Chirality-induced spin current through spiral magnets

Spin-polarized current through helimagnets and the conductance modulation due to the chirality mismatch are studied numerically. The one-dimensional spiral magnet structure is obtained by taking into account the Dzyaloshinskii-Moriya interaction and the ferromagnetic interaction. Although the spiral magnetic structure consists of the $y\text{−}z$ components of the magnetization, the conduction electron through the spiral magnet is polarized in the $x$ direction, and its sign depends on the chirality of the spiral structure. We also investigate charge transport through the junction system consisting of two helimagnets. Similar to the giant magnetoresistance in the uniform ferromagnet, the conductance is reduced significantly by attaching the helimagnets with different chiralities. It is possible that our proposed mechanism can make use of the chirality measuring method by using electron transport and an alternative type of magnetoresistance using a topological property.

Figure 1

Schematic view of the helimagnet. (a) Left-handed system.
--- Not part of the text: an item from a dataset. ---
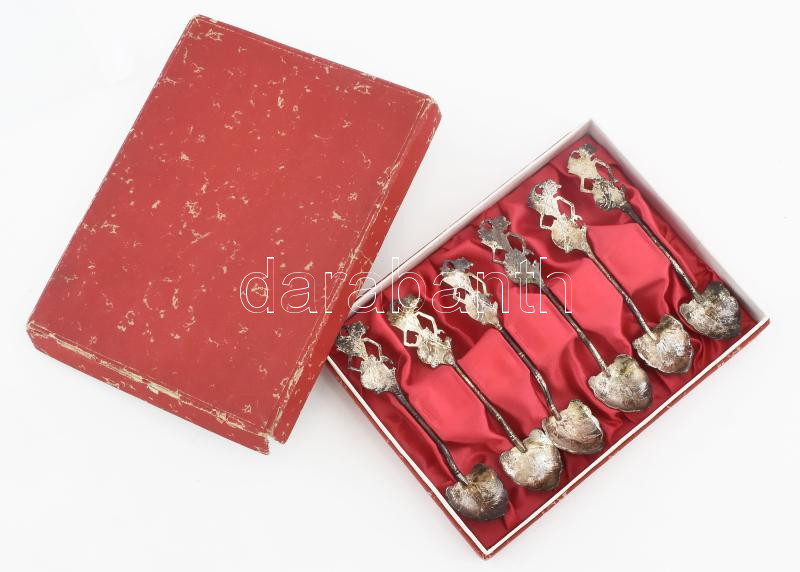 Leírás: Ezüstözött díszkanál szett, dobozában.

The chirality ($\lambda ={[\vec{M}\left(\vec{r}\right)\times \vec{M}(\vec{r}+\vec{x})]}_x$) is negative. (b) Right-handed system $(\lambda >0)$. The spatial period of the spiral structure is determined by the ratio between the strength of the DMI and the strength of the FM. For calculating transport properties, the conduction electrons propagate in the $x$ direction.

Figure 2

The spin polarization of the conduction electron $\left(P_x\right)$ through the helimagnet. $E_{\mathrm{F}}$ is the Fermi energy of the conduction electrons. For the positive value of the DMI, the helimagnet forms the right-handed system in the $y\text{−}z$ plane. The sign of $P_x$ is determined by the chirality of the helimagnet.

Figure 3

Wave-packet dynamics through the helimagnet. (a) The initial state ($t=0$) of the wave packet. (b) The wave packet at $t=100t_0$, where $t_0(=\hslash /V_0\sim 0.028$ ps) is the unit time of the calculation.

Figure 4

(a) Schematic view of the junction system. (b),(c) The conductance modulation $G_{\mathrm{RR}}-G_{\mathrm{RL}}$ by changing the chirality of the helimagnet in the junction system. The angle at the interface of the junction system is (a) $\theta =0$ and (b) $\theta =\pi$.

Figure 5

Wave-packet dynamics through the junction system at $t=100t_0$. The initial state is the same as that in Fig. 3. The wave packet is reflected at the interface of the junction system RHS/LHS.